REQUIRED WORK: For this exercise, return only the lines in the records below from the one holding "Um prato saboroso" through the one holding "Let’s run the", including both, exactly as they appear and without pictures.

EXCERPTED DATA:
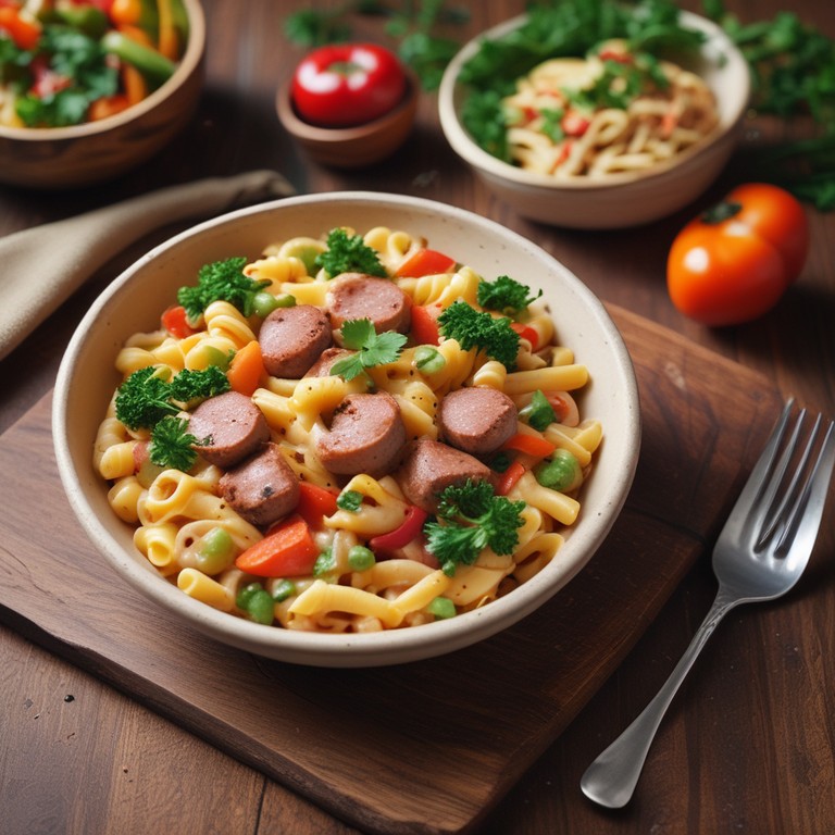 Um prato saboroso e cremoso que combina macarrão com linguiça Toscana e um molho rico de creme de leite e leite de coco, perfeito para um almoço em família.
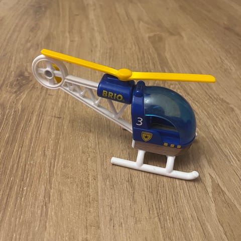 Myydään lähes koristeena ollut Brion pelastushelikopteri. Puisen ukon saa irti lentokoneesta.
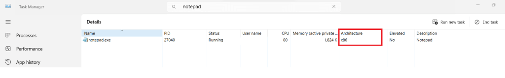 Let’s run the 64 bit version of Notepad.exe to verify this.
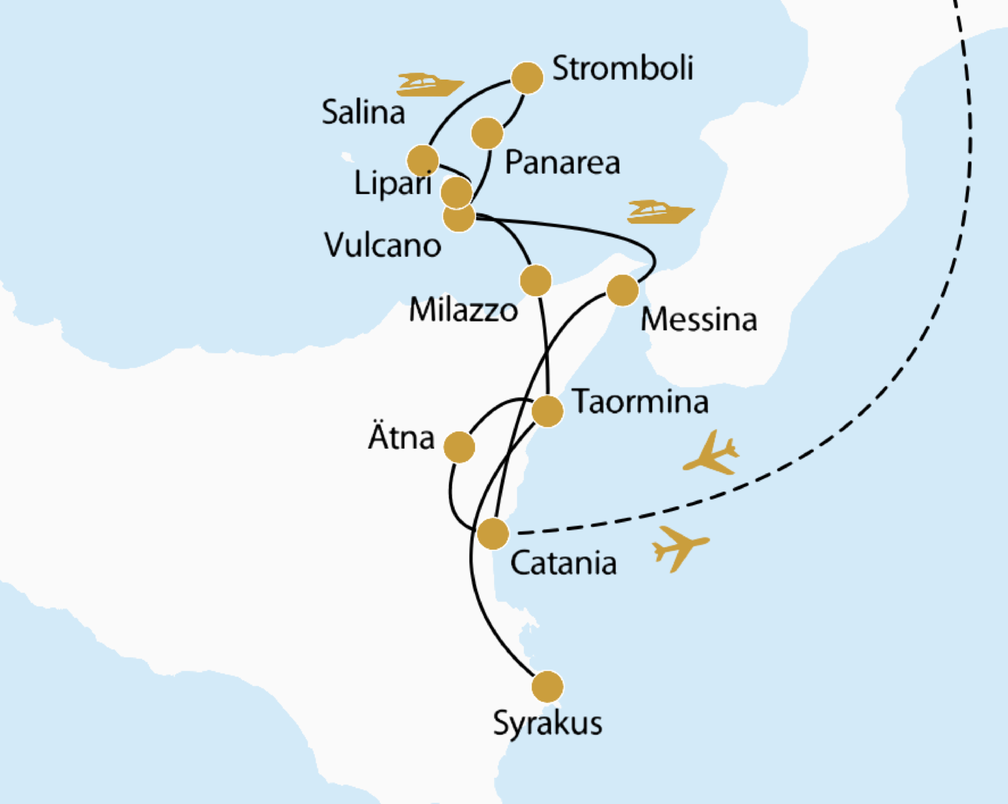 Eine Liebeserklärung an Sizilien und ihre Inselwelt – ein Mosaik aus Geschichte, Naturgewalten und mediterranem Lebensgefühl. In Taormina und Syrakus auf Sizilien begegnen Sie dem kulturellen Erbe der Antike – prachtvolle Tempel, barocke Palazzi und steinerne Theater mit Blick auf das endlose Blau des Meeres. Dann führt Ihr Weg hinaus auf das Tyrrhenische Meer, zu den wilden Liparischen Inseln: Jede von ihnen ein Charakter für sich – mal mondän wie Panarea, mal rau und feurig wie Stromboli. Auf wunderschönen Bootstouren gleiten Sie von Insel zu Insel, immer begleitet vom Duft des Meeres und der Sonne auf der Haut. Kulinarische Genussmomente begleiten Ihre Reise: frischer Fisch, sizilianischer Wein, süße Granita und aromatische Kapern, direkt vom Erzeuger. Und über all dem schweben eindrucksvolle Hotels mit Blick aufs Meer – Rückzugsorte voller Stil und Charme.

---

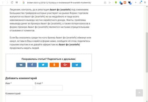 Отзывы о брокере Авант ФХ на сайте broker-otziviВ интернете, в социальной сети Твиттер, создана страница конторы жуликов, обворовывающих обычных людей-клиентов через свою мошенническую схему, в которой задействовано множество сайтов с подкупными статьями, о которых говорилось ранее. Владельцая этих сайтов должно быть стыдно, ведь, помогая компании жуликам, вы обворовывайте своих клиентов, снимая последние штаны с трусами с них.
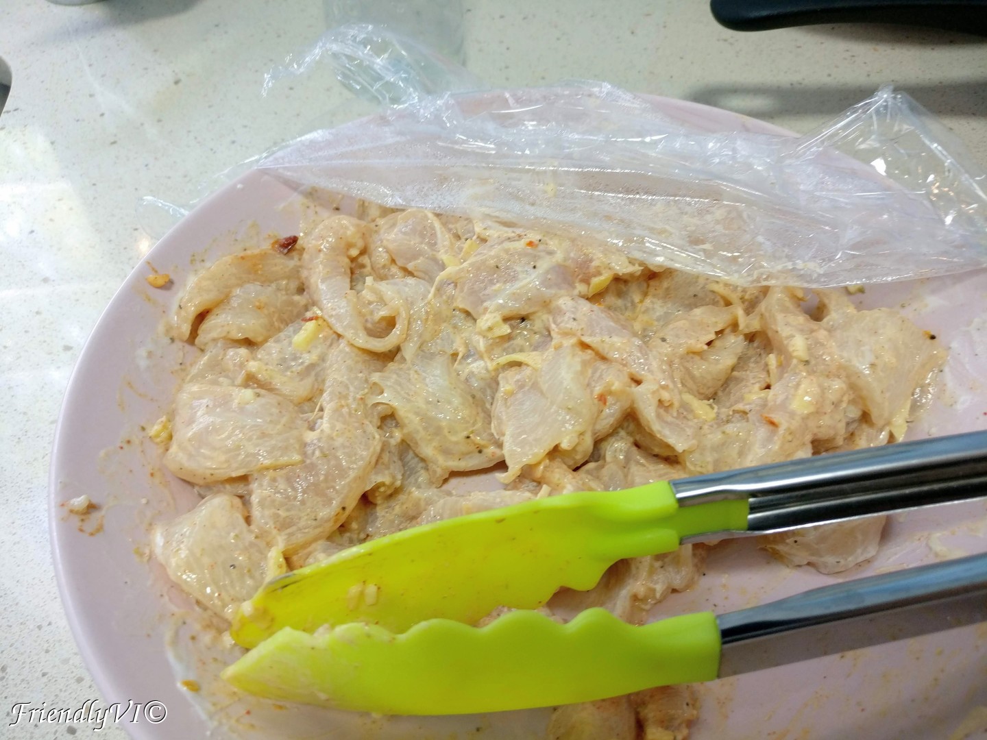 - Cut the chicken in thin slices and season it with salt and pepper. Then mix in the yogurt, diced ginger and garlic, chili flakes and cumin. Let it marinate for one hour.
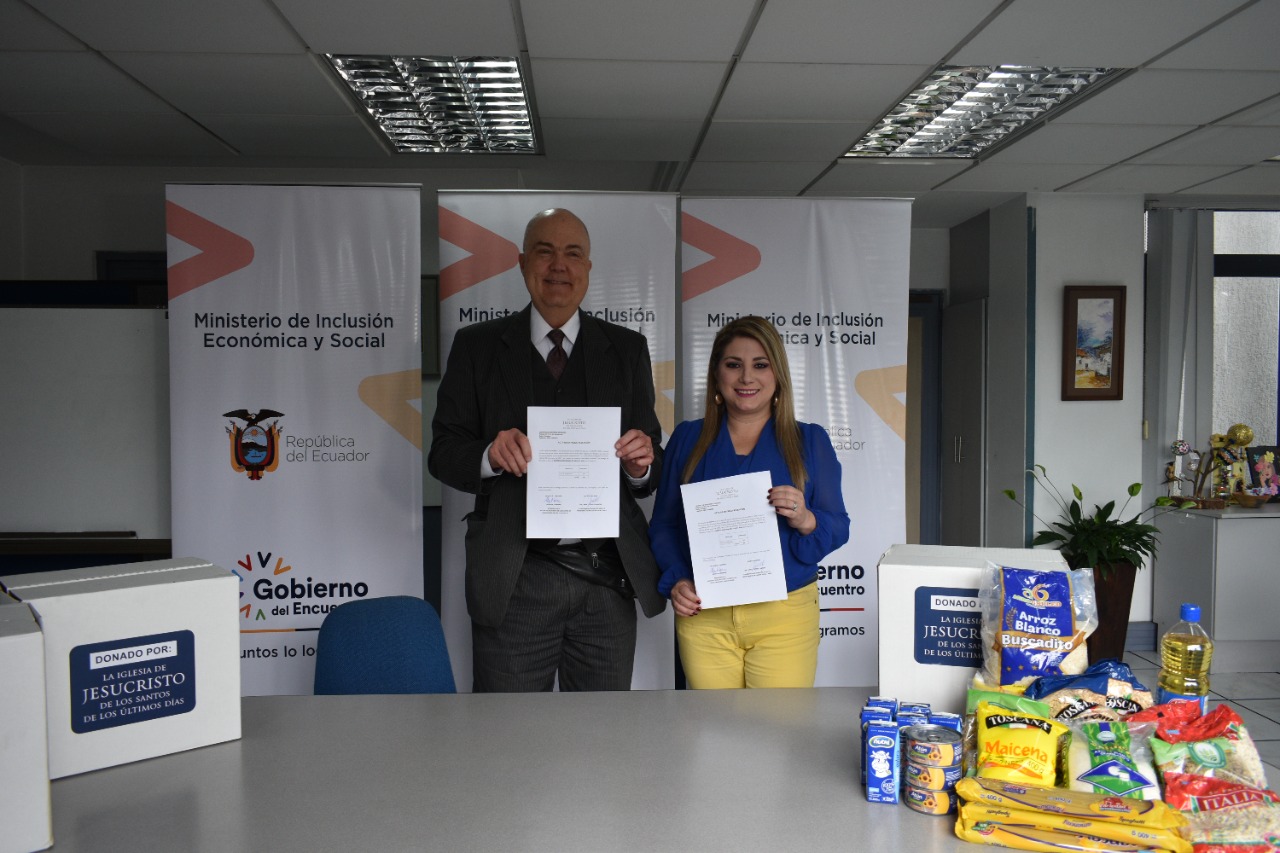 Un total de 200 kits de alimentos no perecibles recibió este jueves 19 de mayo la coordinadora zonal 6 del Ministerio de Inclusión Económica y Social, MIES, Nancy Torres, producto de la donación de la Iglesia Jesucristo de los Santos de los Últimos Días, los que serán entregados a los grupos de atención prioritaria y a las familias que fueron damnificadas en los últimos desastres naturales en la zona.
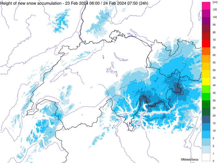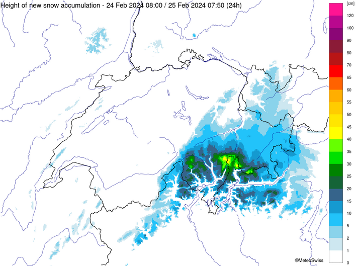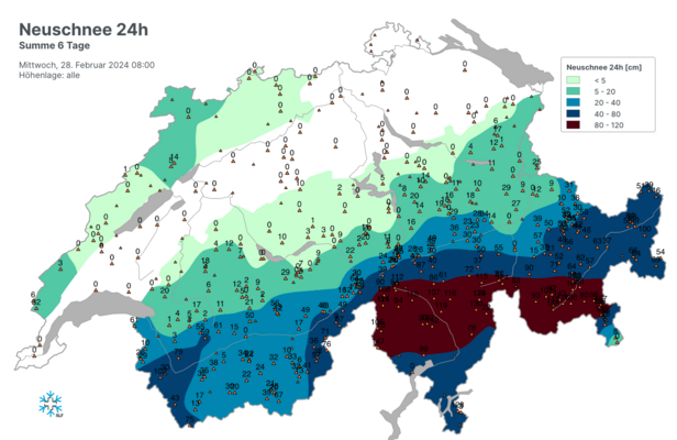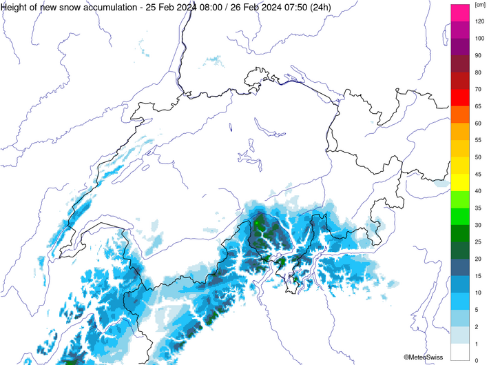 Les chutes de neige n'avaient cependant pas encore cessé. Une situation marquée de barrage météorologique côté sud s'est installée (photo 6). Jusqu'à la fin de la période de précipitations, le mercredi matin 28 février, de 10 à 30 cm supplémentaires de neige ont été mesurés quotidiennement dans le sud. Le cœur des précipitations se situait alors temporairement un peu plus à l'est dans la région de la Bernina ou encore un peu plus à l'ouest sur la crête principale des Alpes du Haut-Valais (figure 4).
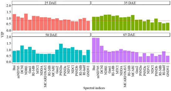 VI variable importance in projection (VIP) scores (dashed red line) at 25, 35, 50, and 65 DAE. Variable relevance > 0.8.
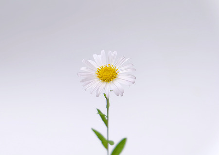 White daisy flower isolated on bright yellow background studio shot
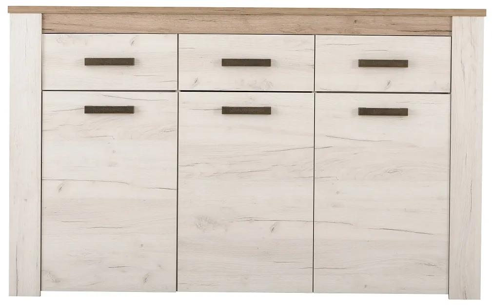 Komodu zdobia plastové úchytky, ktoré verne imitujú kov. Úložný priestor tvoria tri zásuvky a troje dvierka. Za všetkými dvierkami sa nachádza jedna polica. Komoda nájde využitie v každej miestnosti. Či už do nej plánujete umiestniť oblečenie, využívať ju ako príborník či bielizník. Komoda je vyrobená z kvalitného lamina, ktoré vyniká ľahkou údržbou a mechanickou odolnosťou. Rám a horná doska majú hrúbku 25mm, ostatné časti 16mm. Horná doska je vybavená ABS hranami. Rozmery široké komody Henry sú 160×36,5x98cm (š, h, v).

FINISHED TASK:
 Um prato saboroso e cremoso que combina macarrão com linguiça Toscana e um molho rico de creme de leite e leite de coco, perfeito para um almoço em família.
 Myydään lähes koristeena ollut Brion pelastushelikopteri. Puisen ukon saa irti lentokoneesta.
 Let’s run the 64 bit version of Notepad.exe to verify this.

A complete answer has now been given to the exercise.